沈砚盯着屏幕,手指在键盘上敲了几下。城西那家诊所的脑波数据还在上传,M-475-01的记忆流像条毒蛇,一截一截往外爬。
他没说话,直接调出“渡心者”治疗协议的标准代码段,和实时采集的数据做对比。三秒后,结果出来了——程序被改过,表面是心理疗愈,实际开了个后门,专门用来偷意识流。
“果然不是正规操作。”他说,“这玩意儿根本不是治病,是钓鱼。”
岑昭华站在他旁边,手里拿着平板,正把那段低频脉冲信号单独提取出来。她点了几下,波形图放大,频率数值跳出来:**17.3Hz**。
“D-7枢纽昨天发过的干扰信号,就是这个频率。”她声音很平,但眼神已经变了,“他们用同样的节奏在操控记忆传输。”
沈砚冷笑:“所以那个写遗书的男人,不只是受害者,他是被当成测试样本用了。”
“不止。”岑昭华滑动屏幕,“我反向推演了M-475-01的情绪峰值,还原出两秒画面——密闭房间,墙上贴着警局通缉令,桌上有一张烧了一半的照片,上面是你。”
沈砚眉头一跳。
“不是现在的你。”她补充,“是另一个时间线里的你,穿着旧款警服,胸口写着‘殉职’。”
空气有点闷。但他没时间消化这些。
“继续查。”他说,“现在最要紧的是搞清楚,他们到底拿这些记忆干什么。”
他切回交易记录界面,开始手动筛选所有跟执法相关的条目。司法决策、侦查逻辑、审讯策略……每一类都在暴涨。特别是“审讯策略”,过去七天成交了五次,买家留言清一色写着:“用于对抗警方问询”。

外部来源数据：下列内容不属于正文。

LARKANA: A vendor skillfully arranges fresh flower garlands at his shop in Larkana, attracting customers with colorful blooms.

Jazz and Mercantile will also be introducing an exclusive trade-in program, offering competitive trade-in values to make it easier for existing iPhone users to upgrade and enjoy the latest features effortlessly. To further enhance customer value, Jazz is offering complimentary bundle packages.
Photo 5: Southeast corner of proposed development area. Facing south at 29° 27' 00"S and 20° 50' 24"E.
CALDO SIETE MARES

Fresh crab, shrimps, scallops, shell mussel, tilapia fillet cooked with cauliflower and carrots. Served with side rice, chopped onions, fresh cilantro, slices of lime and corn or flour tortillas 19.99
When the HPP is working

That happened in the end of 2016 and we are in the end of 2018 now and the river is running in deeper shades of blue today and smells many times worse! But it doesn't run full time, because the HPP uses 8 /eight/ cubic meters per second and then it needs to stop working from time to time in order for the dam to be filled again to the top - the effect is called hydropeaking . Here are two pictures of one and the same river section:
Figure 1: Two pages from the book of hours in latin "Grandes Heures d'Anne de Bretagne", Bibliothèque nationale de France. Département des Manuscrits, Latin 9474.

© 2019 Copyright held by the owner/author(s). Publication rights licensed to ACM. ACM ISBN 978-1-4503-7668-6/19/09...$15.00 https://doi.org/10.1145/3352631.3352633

“这不是巧合。”沈砚把七起证据链断裂的案件调出来,“你看,每起案发前48小时,都有对应的侦查思路被卖掉,时间误差不超过十分钟。”
岑昭华接过来看了看,忽然说:“他们在预演犯罪。”
“对。”沈砚点头,“知道警察会怎么查,就知道怎么绕开。甚至还能反过来设陷阱,让调查组自己出错。”
“相当于给罪犯装了个AI外挂。”她冷笑,“还是用我们自己的脑子训练出来的。”
两人沉默了几秒。
外面走廊传来脚步声,但没人进来。实验室的灯闪了一下,又恢复正常。
沈砚揉了揉太阳穴,刚才那次记忆回溯的后劲还在,脑袋像被人拿锤子敲过。他没吭声,只是左手更紧地攥住了银链。

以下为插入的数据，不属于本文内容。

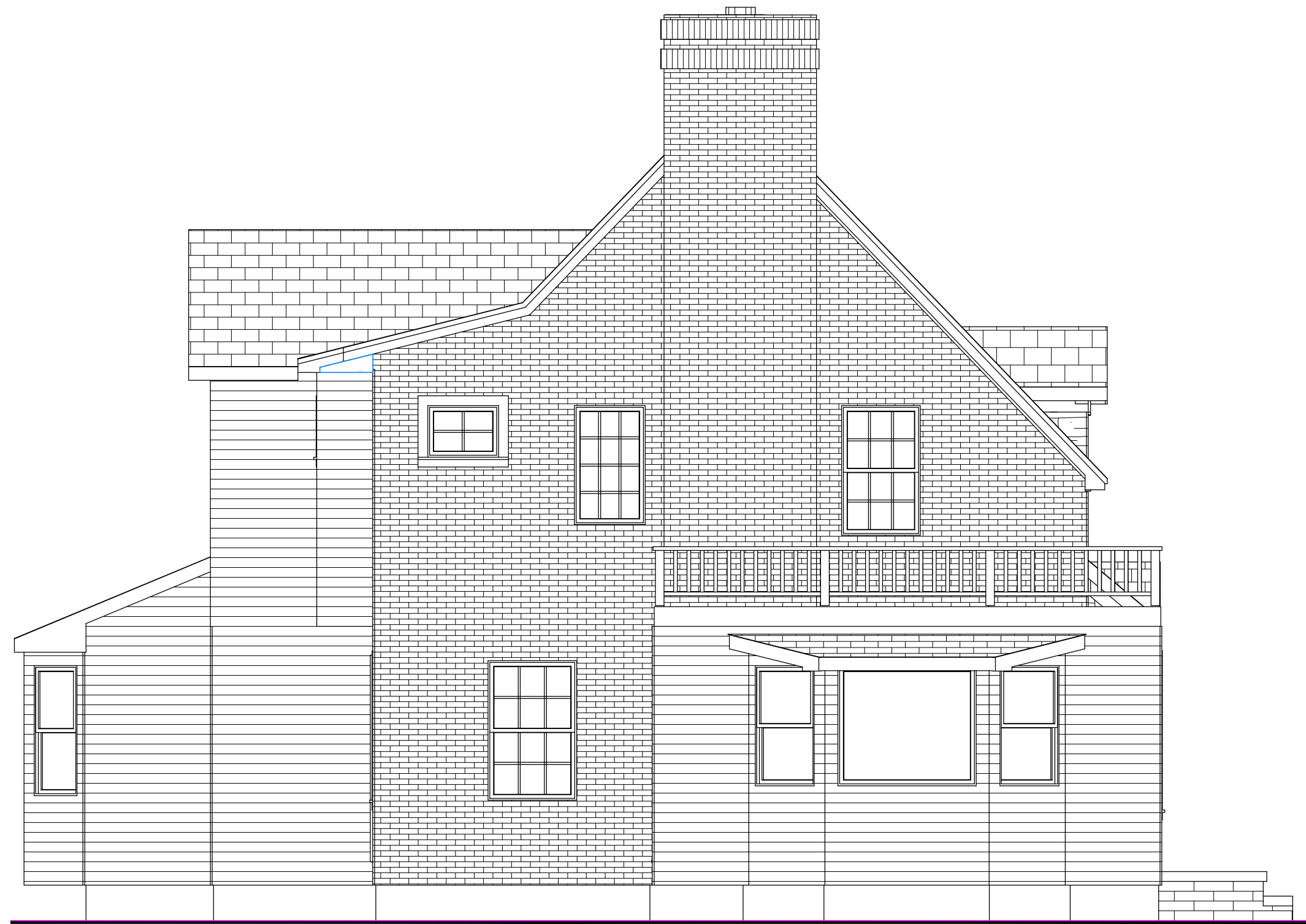
SHERLOCK DESIGN 5 - LEFT DESIGN ELEVATION SCALE: 1/4" = 1'-0"

Copyright of Architectural Drawings- These plans are protected by federal law and are subject to copyright protection as an "architectural work" under section 102 of the copyright act, 17 U.S.A. as amended December 1990 and known as Architectural Works Copyright Protection Act of 1990. These drawings are provided as an instrument for construction for the construction project at the address shown on the title block of the drawings and they may not be used for any project other than that listed at the address shown on the title block without the written consent and compensation of the architect. This protection includes but is not limited to the overall form as well as the arrangement and composition of spaces and elements of the designs. Under such protection, unauthorized use of these plans, work or home represented, can legally result in the cessation of construction or buildings being seized and/or monetary compensation to Carmelhill Architects and/or Edward Koenig.

“现在问题是。”他开口,“就算我们知道他们在干坏事,也没法直接断电。D-7是废弃设施,不属于任何监管网络,强行介入等于越权。”
“而且。”岑昭华补充,“一旦他们发现信号中断,很可能启动自毁程序,所有缓存记忆加密封存,以后谁都别想拿到证据。”
“那就不能硬来。”沈砚盯着屏幕上的心跳包数据流,“得让他们自己停。”
“你想怎么做?”
“他们怕什么?”他反问,“怕暴露,怕混乱,怕大量异常用户突然涌入系统。”
岑昭华明白了:“你是想造个假的洪峰流量?”
“没错。”沈砚已经开始写脚本,“我在D-7附近的基站注入一批虚假心跳包,伪装成上千个买家同时登录,系统检测到风险,自然会暂停交易进行清洗。”
“趁他们忙的时候。”她接话,“我们再放点干扰数据,让买家收到的记忆全是乱码。”
“叫‘记忆迷雾协议’。”他说,“你负责部署,我来引火。”
她没多问,转身就去调试终端。手指在键盘上敲得飞快,青铜发簪随着动作轻轻晃动。
沈砚则打开了判官系统的底层权限界面。暗黑风格的符文阵列缓缓旋转,中间浮现出一行小字:【剩余使用次数:2】
他看了眼,没犹豫,直接授权注入虚假信号包。系统轻微震动了一下,像是在提醒他代价不小。
“准备好了。”岑昭华说,“迷雾协议加载完成,等你信号。”
“先试一波小规模的。”沈砚说,“看看他们的反应速度。”
他按下执行键。
十秒钟后,D-7的信号波动明显加剧,上传速率瞬间飙升,像是系统正在紧急处理大量请求。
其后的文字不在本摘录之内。